Metadata-Version: 2.1
Name: covigator
Version: 0.7.7
Summary: UNKNOWN
Home-page: UNKNOWN
Author: TRON - Translational Oncology at the University Medical Center of the Johannes Gutenberg University Mainz - Computational Medicine group
Author-email: patrick.sorn@tron-mainz.de
License: UNKNOWN
Platform: UNKNOWN
Classifier: Development Status :: 3 - Alpha
Classifier: Intended Audience :: Healthcare Industry
Classifier: Intended Audience :: Science/Research
Classifier: Topic :: Scientific/Engineering :: Bio-Informatics
Classifier: Programming Language :: Python :: 3.8
Description-Content-Type: text/markdown
License-File: LICENSE

![CoVigator logo](covigator/dashboard/assets/CoVigator_logo_txt_reg_no_bg.png "CoVigator logo")

-----------------

# CoVigator: monitoring SARS-CoV-2 mutations

[![PyPI version](https://badge.fury.io/py/covigator.svg)](https://badge.fury.io/py/covigator)
[![Run unit tests](https://github.com/TRON-Bioinformatics/covigator/actions/workflows/unit_tests.yml/badge.svg?branch=main)](https://github.com/TRON-Bioinformatics/covigator/actions/workflows/unit_tests.yml)
[![Powered by Dash](https://img.shields.io/badge/powered%20by-Dash-orange.svg?style=flat&colorA=E1523D&colorB=007D8A)](https://dash.plotly.com/)
[![License](https://img.shields.io/badge/license-MIT-green)](https://opensource.org/licenses/MIT)
[![Documentation Status](https://readthedocs.org/projects/covigator/badge/?version=latest)](https://covigator.readthedocs.io/en/latest/?badge=latest)

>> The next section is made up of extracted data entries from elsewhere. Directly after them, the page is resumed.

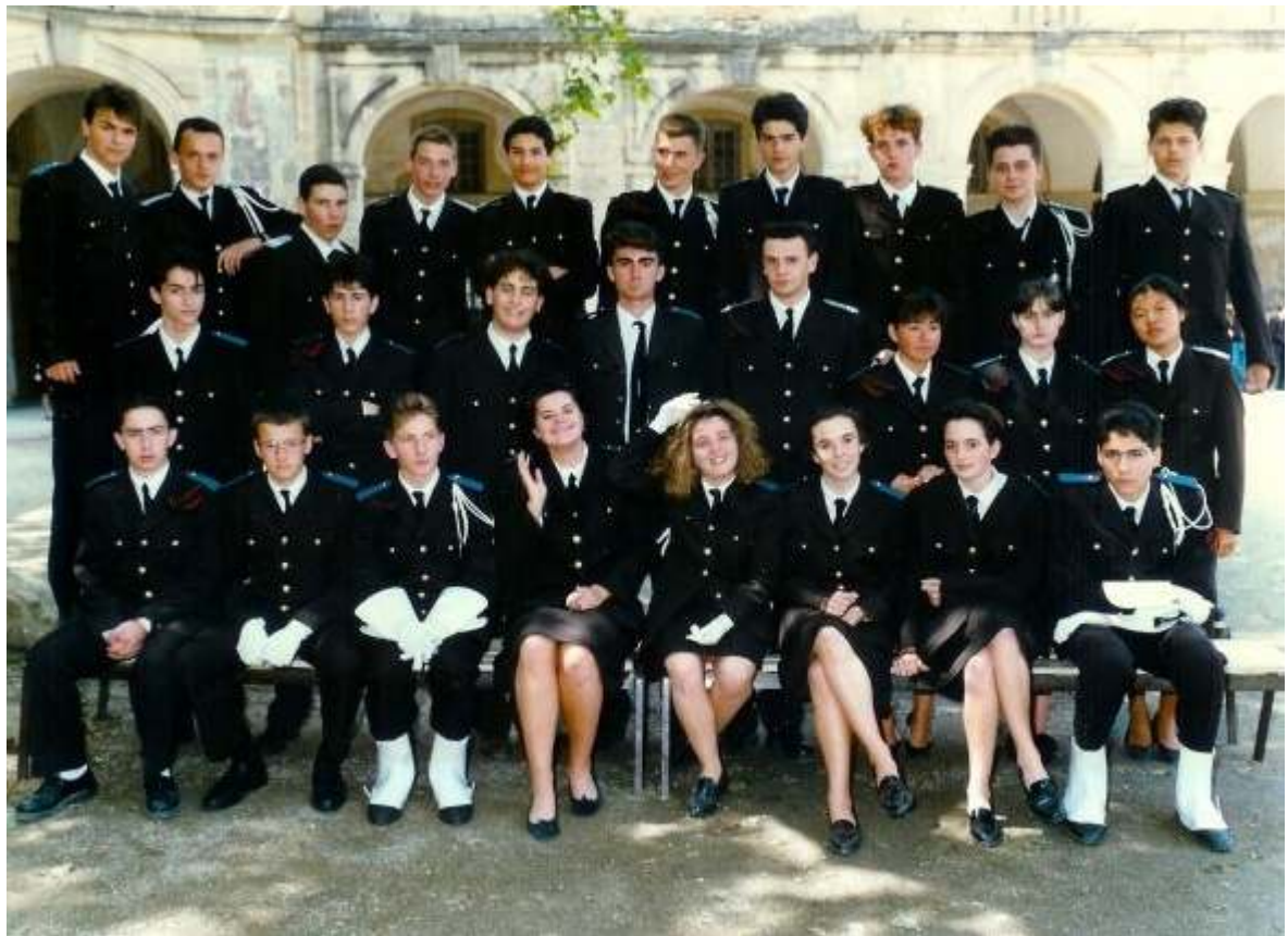
Une classe des Bleus en 1990-1991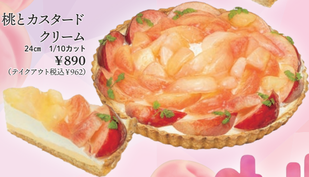
桃とカスタード クリーム 24cm 1/10カット ¥890 (テイクアウト税込¥962)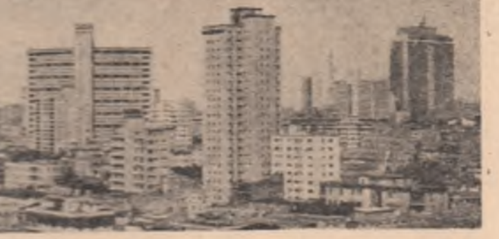
Nu dimensiuni urbane în Havana, capitala Republicii Cuba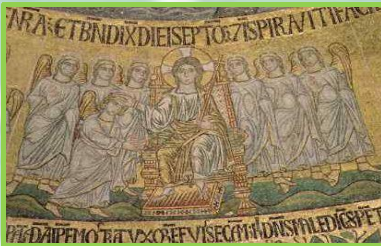
Благословение седьмого дня

И благословил Бог седьмой день и освятил его, ибо в оный день почил от всех дел Своих, которые творил и созидал.

**CoVigator dashboard**: [https://covigator.tron-mainz.de](https://covigator.tron-mainz.de)

**CoVigator documentation**: [https://covigator.readthedocs.io/](https://covigator.readthedocs.io)

Human infections with SARS-CoV-2 are spreading globally since the beginning of 2020, necessitating preventive or 
therapeutic strategies and first steps towards an end to this pandemic were done with the approval of the first mRNA 
vaccines against SARS-CoV-2. 
The accumulation of virus samples that have been sequenced in a short time frame is unprecedented (see Figure 1).
This is the first pandemic recorded at a molecular level with such level of detail giving us the opportunity to develop
new tools for the monitoring of its evolution.

We want to provide an up-to-date interactive view on SARS-CoV-2 mutations to support global efforts in preventing or 
treating infections. 
Monitoring the appearance of relevant new mutations is key to enable a fast reaction to new strains and for that 
purpose we enable the exploration of these mutations and their annotations (see Figure 2). 
Thus, we envision to help guiding global vaccine design efforts to overcome the threats of this pandemic.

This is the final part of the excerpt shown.